Another example in this regard is the shattered relationship between urbanization and growth. The typical belief, based of hard data and consistent evidence for most of the industrialized countries was that urbanization leads to growth (GDP growth). However, data collected between 1990 to 2017 for Burundi, the Central African Republic (CAR), the Democratic Republic of the Congo, Liberia, and Zimbabwe showed that as these “more urbanized, average incomes have fallen instead of risen.” Imagine the surprise that the policymakers bred in the school of thought that urbanization fuels growth, would have got when they did not see their dreams being realized. They surely made their policy recommendations based on data from other countries and years of research showing data that supports this notion. What they missed out on was perhaps that in countries like CAR, urbanization “happened because of “pull factors” such as better livelihoods in cities. Rather, it has happened because of “push factors”, where people have fled to cities to escape the violence in the countryside.” It never unleashed the productive factors typically associated with economic growth.

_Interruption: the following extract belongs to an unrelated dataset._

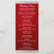 This romantic design features an elegant crimson red background with ribbon borders, wedding ceremony details & thank you on the front with wedding party members on the back. Available in several colours for your wedding theme. (Ribbon is simulated in the artwork). Available in several colours for your wedding theme colours. (Ribbon is simulated in the artwork). Designed to coordinate with the "Two Shall Become One - Silver & Gold" Wedding Collection. To change details, click «Personalize». To move the text or change the text size, font, or colour click «Click to customize further»
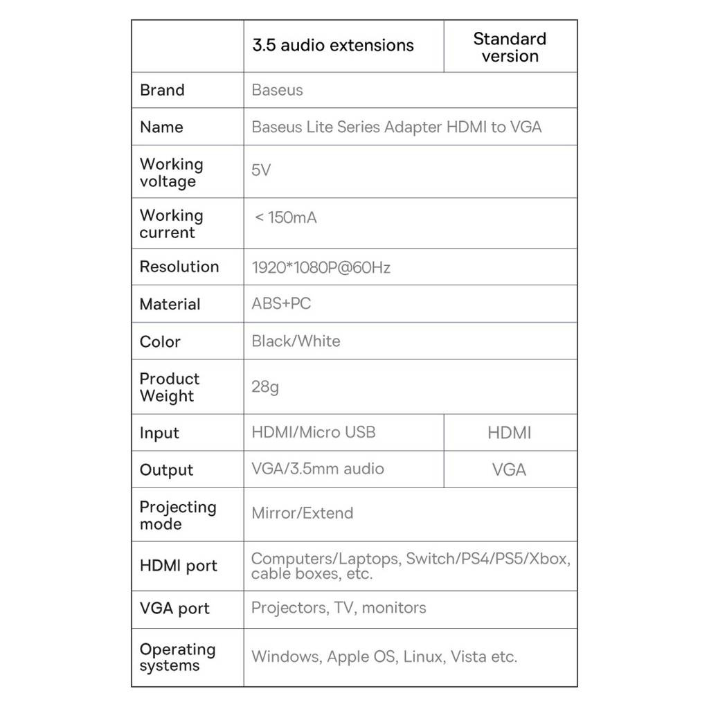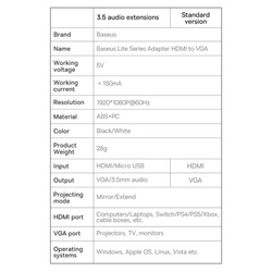 Baseus Lite Series WKQX010102 to przejściówka ze złącza HDMI na VGA z dodatkowymi złączami micro USB (do zasilania) i AUX 3.5mm mini jack umożliwiająca podłączenie nowego laptopa, konsoli czy odtwarzacza multimedialnego do starszego telewizora, monitora lub projektora. Doskonały gadżet pozwalający na korzystanie z najnowszego mobilnego sprzętu na starszej daty odbiornikach. Nie musisz kupować najświeższego modelu telewizora, aby przesłać do niego wysokiej jakości sygnał ze swojego notebooka.

Despite this, guess what most policymakers in various countries would argue? That urbanization leads to growth. It is the same phenomenon as the mirage or the two circles. For some, the mind may be told that it is not water, but it looks like water to the eyes. Or that the two circles may not look equal in size to the eyes even if the person has been logically demonstrated that they are in fact of equal size. Some people adhere to the logical demonstrations, while most rely on the specious veracity of their sensory inputs. The same goes for data and evidence.
Just like the capacity of making visual distinctions that enables us to survive, but can also be lethally misleading; data and evidence is important for effective policymaking but can lead to misjudgements, mis-perceptions, and miscalculations if we rely on evidence uncritically.